Background & Summary

Maize stands as a cornerstone of global agriculture, distinguished by its exceptional yield potential and versatile applications1,2,3,4,5. In China, it holds paramount importance as the leading grain crop6,7,8,9,10, with Northeast China emerging as the nation’s most productive maize belt. This region’s unique agro-climatic conditions and strategic positioning make it an ideal sentinel for monitoring crop responses to environmental change. Unlike winter wheat with its specific vernalization requirements, maize exhibits distinct phenological responses to temperature and photoperiod cues. Understanding these dynamics in Northeast China is particularly crucial given the region’s vulnerability to climate variability and its disproportionate contribution to national food security. However, a systematically quality-controlled, long-term phenological dataset specifically focused on this region has been notably absent. This dataset descriptor addresses this gap, providing an unprecedented resource for analyzing spatiotemporal patterns in crop phenology under changing environmental conditions.

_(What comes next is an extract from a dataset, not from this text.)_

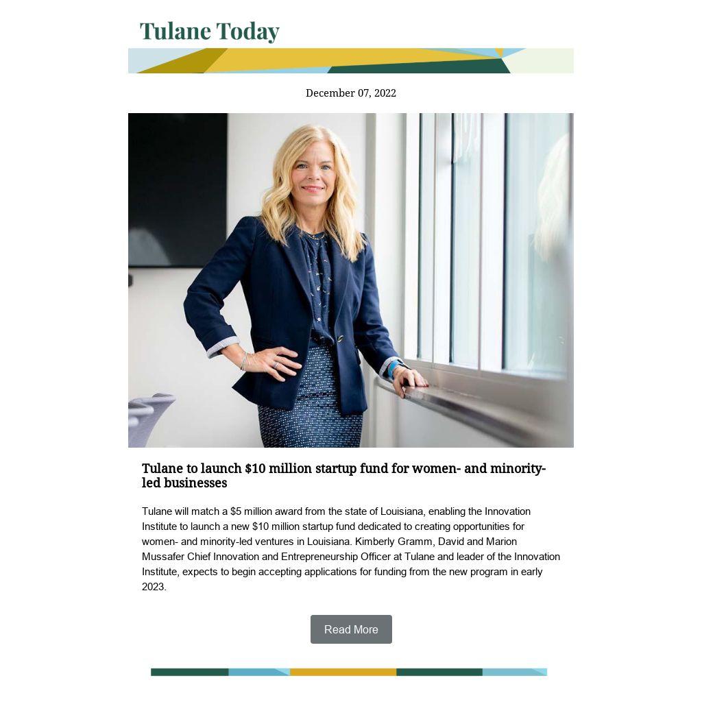 Tulane will match a $5 million award from the state of Louisiana, enabling the Innovation Institute to launch a new $10 million startup fund dedicated to creating opportunities for women- and minority-led ventures in Louisiana. Kimberly Gramm, David and Marion Mussafer Chief Innovation and Entrepreneurship Officer at Tulane and leader of the Innovation Institute, expects to begin accepting applications for funding from the new program in early 2023.

Climate change is significantly altering China’s maize production. Phenological changes follow a dual-extension pattern: earlier sowing combined with delayed maturation extends growth cycles11,12. Yields vary spatially: yields are increasing in mid-northeast regions due to higher accumulated temperature, but decreasing in the Huang-Huai-Hai and southwest areas because of intensified heat-drought stress during flowering13,14. Cultivation zones are adaptively expanding northwestward—late-maturing varieties have moved more than 100 kilometers northward in Northeast China, while arid northwestern regions have increased planting area by 23% using plastic film mulching. Traditional growing regions maintain productivity through heat-tolerant varieties and adjusted sowing dates, showcasing the resilience of the production system15,16.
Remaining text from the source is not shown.